Screenshot from Facebook’s metaverse announcement video with a robot avatar wearing a poker hat and two human avatars playing cards. There is also a projection of two women in real life in a screen.

Challenges of Moderating the Metaverse

On Oct. 28, Mark Zuckerberg announced Facebook would rename itself to Meta to emphasize the company’s shift toward the “metaverse,” a VR and AR social media environment. Soon after, the Financial Times reported on an internal memo by Meta’s CTO Andrew Bosworth in which Bosworth mentions they are aspiring to “almost Disney levels of safety” in its metaverse. However, he also notes that moderating behavior “at any meaningful scale is practically impossible,” alluding to an adage from Techdirt founder Mike Masnick.

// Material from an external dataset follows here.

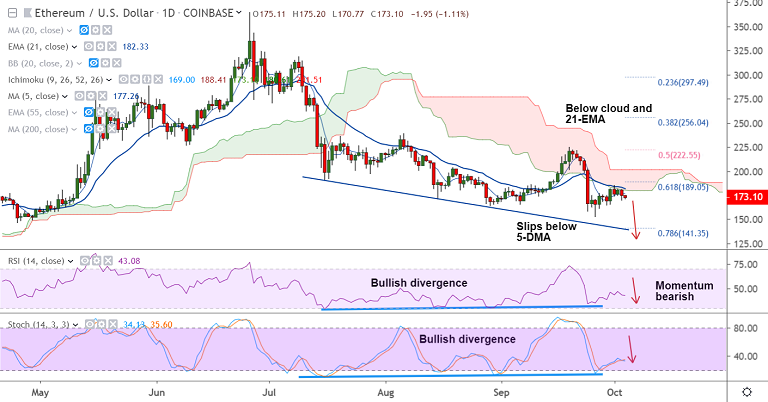ETH/USD resumes weakness after rejection at cloud and 21-EMA resistance.

In The Atlantic, professor Ethan Zuckerman asks of Meta:

“How will a company that can block only 6 percent of Arabic-language hate content deal with dangerous speech when it’s worn on an avatar’s T-shirt or revealed at the end of a virtual fireworks display?”

Likewise, in an NPR interview, Audie Cornish asked a version of Ethan Zuckerman’s rhetorical question to Meta’s Vice President of metaverse, Vishal Shah:

“What I’m saying is if you can’t handle the comments on Instagram, how can you handle the T-shirt that has hate speech on it in the metaverse? How can you handle the hate rally that might happen in the metaverse?

Shah deflects the question, primarily discussing the policy challenges of balancing “freedom of speech and freedom of expression” while briefly mentioning “the ability to detect some of those things, the technology to find them — we’ve invested for years.” Facebook has been widely criticized for policy decision, such as its definition of hate speech and special treatment for celebrities and politicians, all of which will continue to be issues in the metaverse. However, through the “hate speech on a t-shirt” example, both Zuckerman and Cornish point out that content will be more technologically challenging to moderate in the metaverse than on Facebook or Instagram due to the nature of the platform itself. By diverting Cornish’s moderation question toward policy, Shah avoided criticism of the technological challenges of moderating the metaverse, challenges that undermine the metaverse’s foundation. The best policy in the world can’t be enforced in the metaverse if its content can’t be understood.

Harm in the Metaverse

As alluded to by Zuckerman and Cornish, Meta currently struggles to moderate its social media platforms. Meta admitted in 2018 it was used to “incite offline violence” during the Rohingya genocide and internal documents leaked by Frances Haugen suggest Facebook is currently being used to incite violence in Ethiopia. The company also doesn’t have a good track-record moderating live content, allowing the 2019 Christchurch massacre to be streamed on Facebook Live for over 17 minutes.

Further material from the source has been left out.